■ What needs to be done
The required output is every line from the one containing "У компании есть" through the last line of the listing below, copied exactly, pictures excluded.

■ Data in this exercise
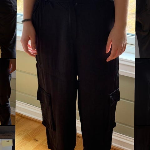 To skrå lommer (fronten) og en lomme bak (må fjernes tråd - har ikke brukt lommen).
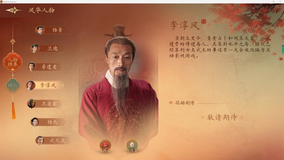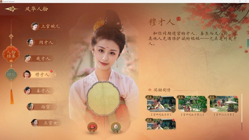 4,”风华人物“,本作的叫法,其实就是常规的档案室,资料馆,里面是真的有人物档案的,另外附加各种隐藏剧情,里面还有一个叫”回忆“的功能也是放各种隐藏剧情的,至于具体感受就正如我上面第三点说的一样,关于档案功能,按照惯例我后面会再展开来说的。
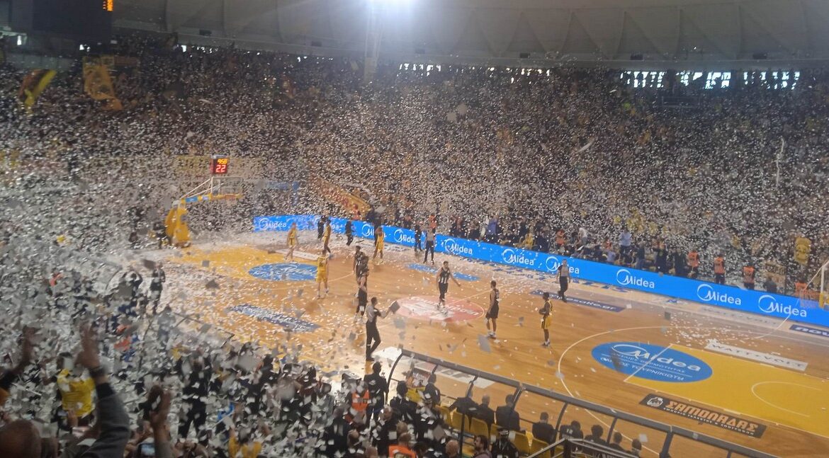 Μια τρελή ατμόσφαιρα στο Παλέ… Με την έναρξη του ντέρμπι υπήρξε διακοπή αφού άπειρα χαρτάκια πετάχτηκαν από τους φίλους του Άρη. Ηταν μια πανέμορφη εικόνα, με τα χαρτάκια να σκεπάζουν το γήπεδο και να επικρατεί… χαμός!
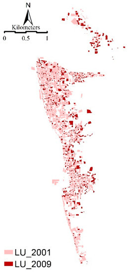 The official detailed plan for the study area was created in 2009 by The General Organization of Physical Planning (GOPP). The detailed plan was updated in 2014 by using Google Earth to manually extract the relevant data to the year of building construction. This was followed by a visual analysis of high-resolution aerial images of the city in Google Earth [58]. Figure 4 shows the land use in 2001 and 2009.
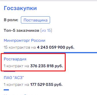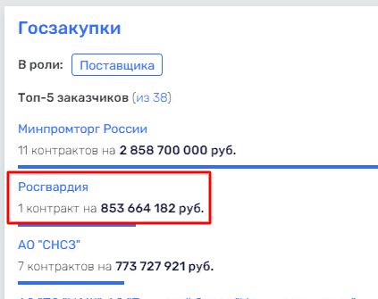 У компании есть контракт на 11.5 млн руб. с Центром специального назначения сил оперативного реагирования Росгвардии (ЦСН СР). Никакого отношения к генералу Драгомирецкому этот Центр не имеет.
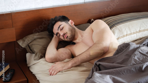Young Sleepijng Shirtless Man in Bed
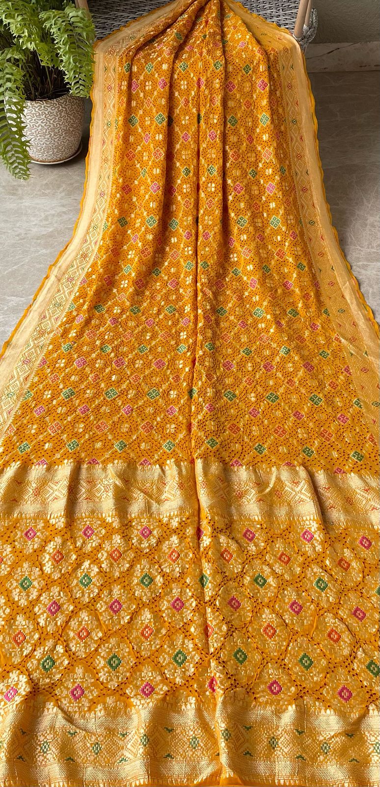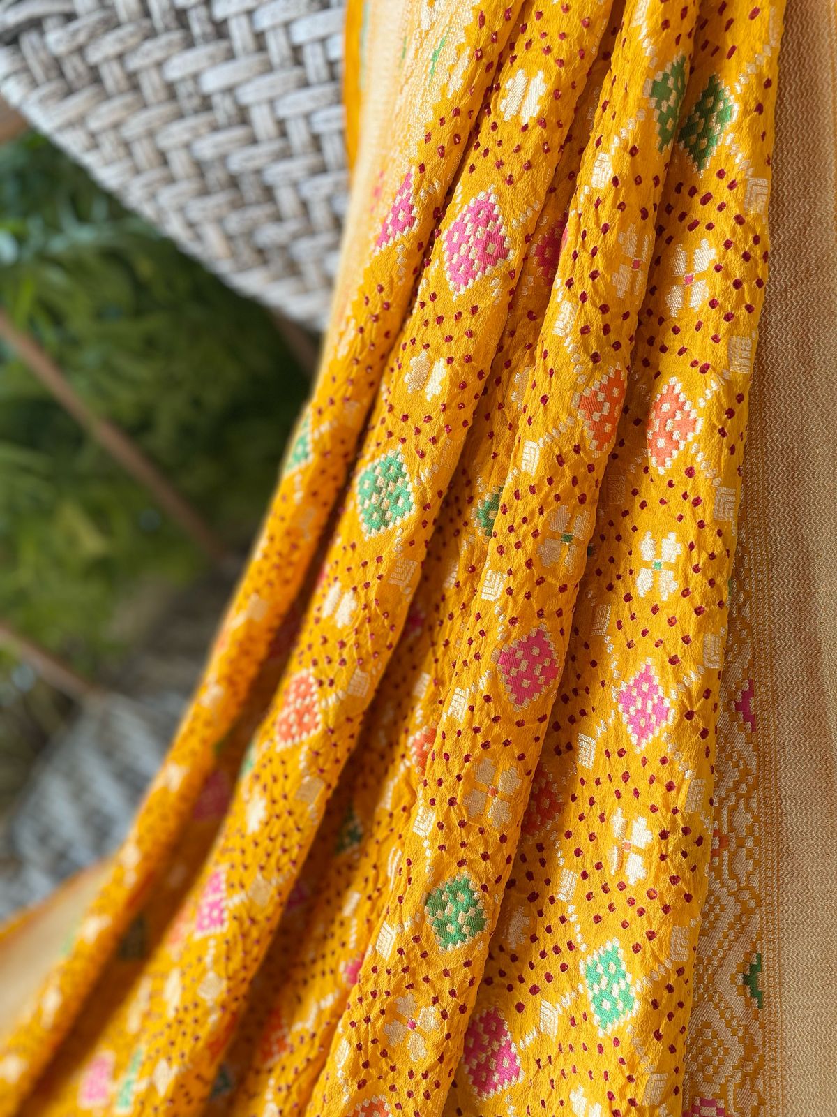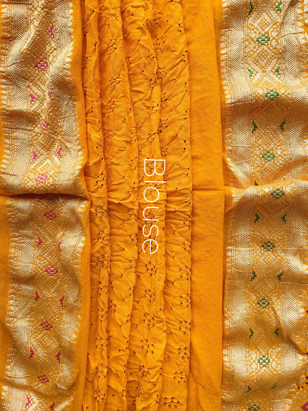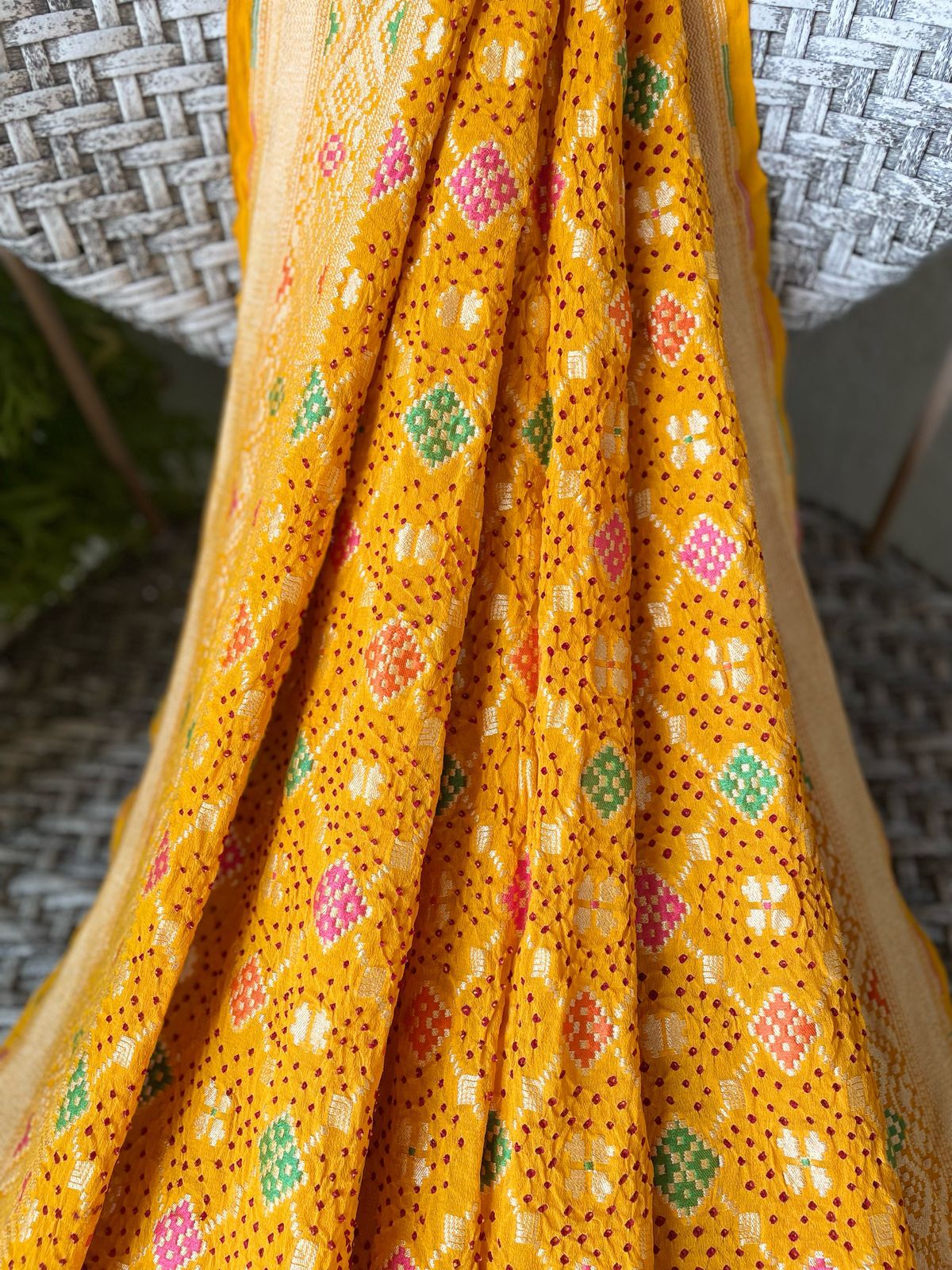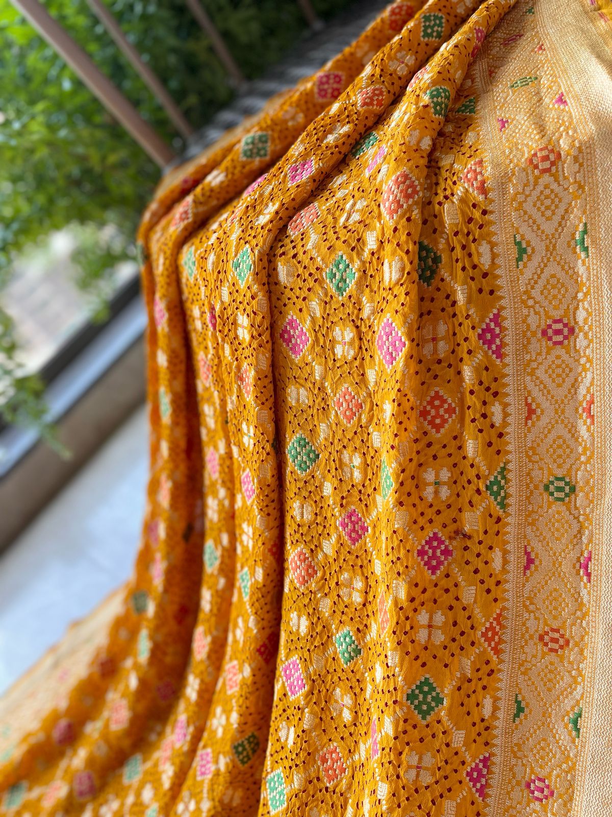Kesari Yellow Color Pure Bandhani Saree with handwoven meenakari banarasi border

■ Answer to this exercise
 У компании есть контракт на 11.5 млн руб. с Центром специального назначения сил оперативного реагирования Росгвардии (ЦСН СР). Никакого отношения к генералу Драгомирецкому этот Центр не имеет.
Young Sleepijng Shirtless Man in Bed
Kesari Yellow Color Pure Bandhani Saree with handwoven meenakari banarasi border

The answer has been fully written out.